The better-off countries too are some way from herd immunity. Many of them are inching toward formal or informal mandatory vaccination. Enforcement of the mandate is likely to be tricky and politically contentious. The alternative strategy is to provide non-pecuniary incentives by narrowing the range of activities allowed for the non-vaccinated people. Pecuniary incentives have been tried in some countries but the amounts on offer were too small to deliver sizeable results. Increasing these incentives enough could be costly and opposed by the vaccinated people. If the Omicron variant proves to be even more contagious, but not more lethal, than the Delta variant, a plausible solution is to rely on infections to raise the proportion of inoculated people.
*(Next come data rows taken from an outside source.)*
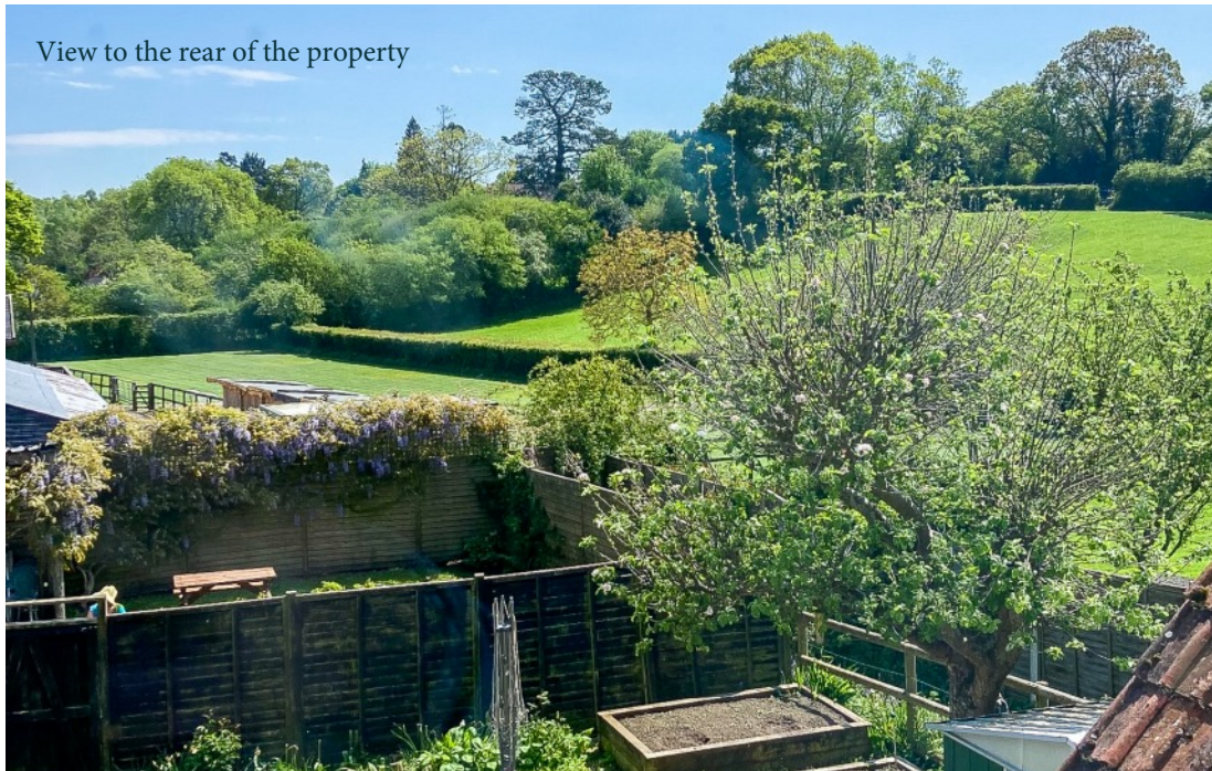
View to the rear of the property
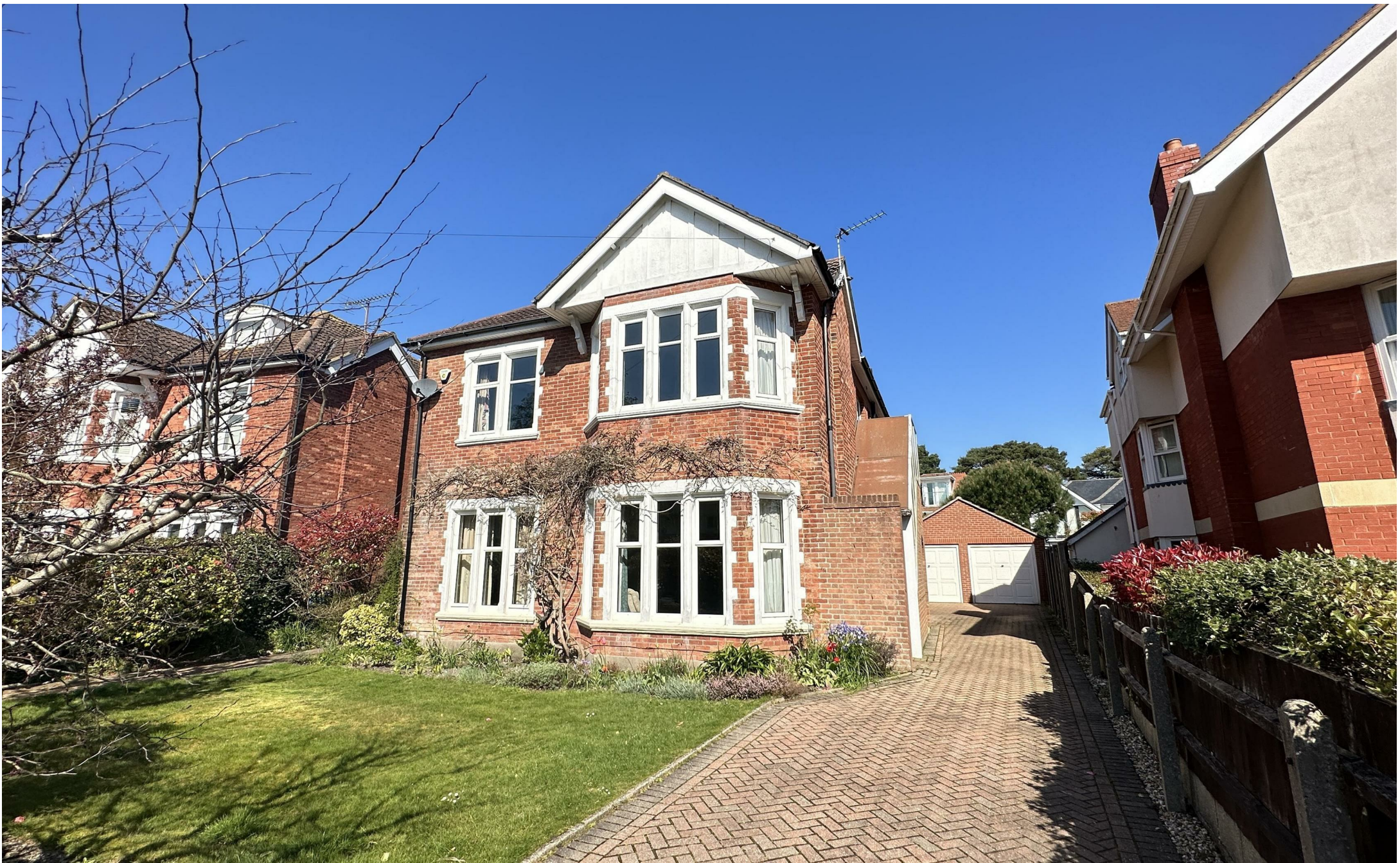
21 Flaghead Road, Canford Cliffs, Poole BH13 7JW £1,450,000 Freehold
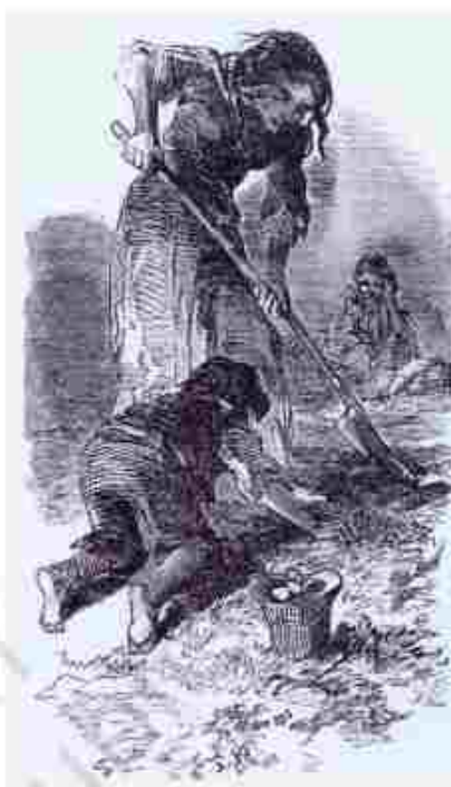
Fig. 4 – The Irish Potato Famine, Illustrated London News, 1849.

The Portuguese and Spanish conquest and colonisation of America was decisively under way by the mid-sixteenth century. European conquest was not just a result of superior firepower. In fact, the most powerful weapon of the Spanish conquerors was not a conventional military weapon at all. It was the germs such as those of smallpox that they carried on their person. Because of their long isolation, America's original inhabitants had no immunity against these diseases that came from Europe. Smallpox in particular proved a deadly killer. Once introduced, it spread deep into the continent, ahead even of any Europeans reaching there. It killed and decimated whole communities, paving the way for conquest.
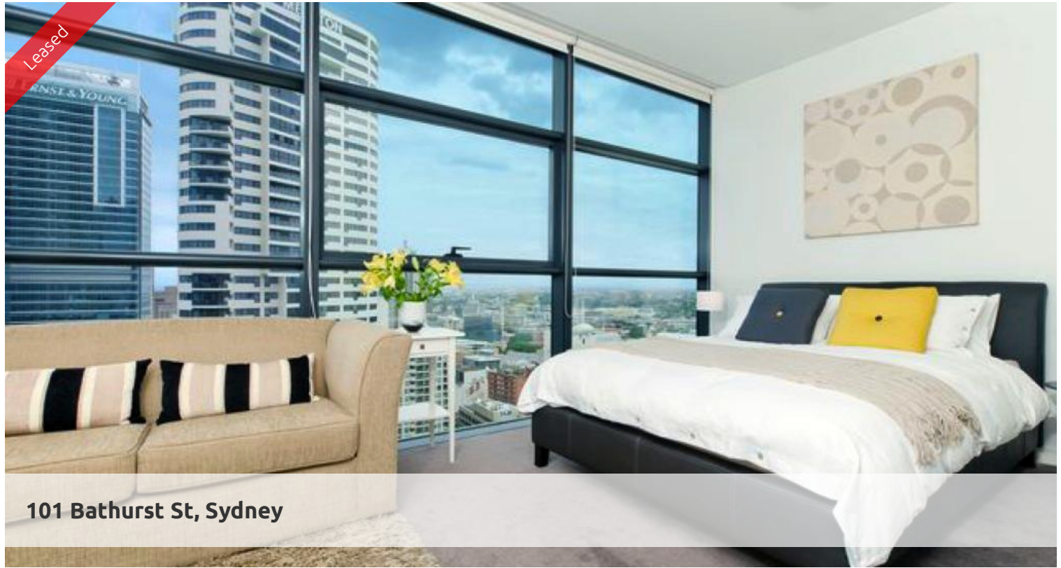
101 Bathurst St, Sydney
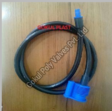
Sprinkler Tube Set
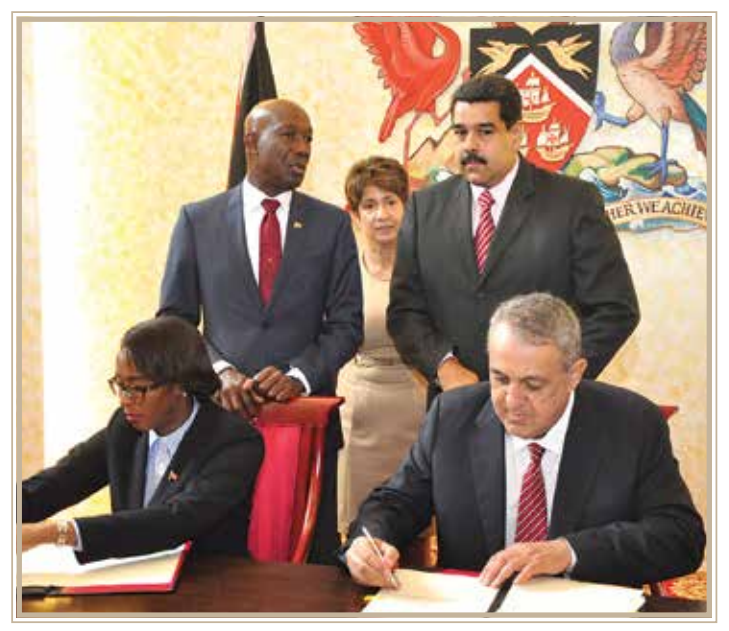
The Honourable Nicole Olivierre, Minister of Energy and Energy Industries and His Excellency Eulogio del Pino, Minister of the People's Power for Petroleum and Mining, Venezuela sign a Memorandum of Understanding

r. the Honourable Keith Rowley, Prime Minister of the Republic of Trinidad and Tobago and His Excellency Nicolás Maduro Moros, President of the Bolivarian Republic of Venezuela, welcomed the signing of the Memorandum of Understanding between the Governments of the Republic of Trinidad and Tobago and the Bolivarian Republic of Venezuela for the Technical and Commercial Studies Related to the Natural Gas Supply from the Bolivarian Republic of Venezuela to the Republic of Trinidad and Tobago on 23rd May 2016. The Agreement was signed by the Honourable Nicole Olivierre, Minister of Energy and Energy Industries and His Excellency Eulogio del Pino, Minister of the People's Power for Petroleum and Mining, during the Official Visit of President Maduro to Trinidad and Tobago.
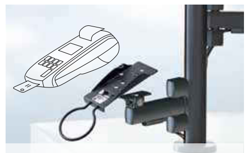
Customised mounting options for attaching brand-specific peripheral devices.
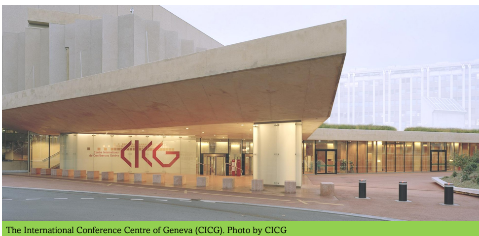
The International Conference Centre of Geneva (CICG).

In this scenario, the governments would only ‘strongly suggest’ distancing measures and let the epidemic run its course. ICU absorption limits could be reached, though, in which case lockdowns for the unvaccinated could be imposed, as is already the case de facto in some countries.
At the same time, the better-off countries should honestly assess their vaccine needs and transfer excess inventories to countries that need them most. They could keep on ordering new vaccines, including new generation vaccines, for contingencies, but they should realize that the best protection of their citizens currently involves mass vaccination in the less well-off countries. And, please, stop closing down borders.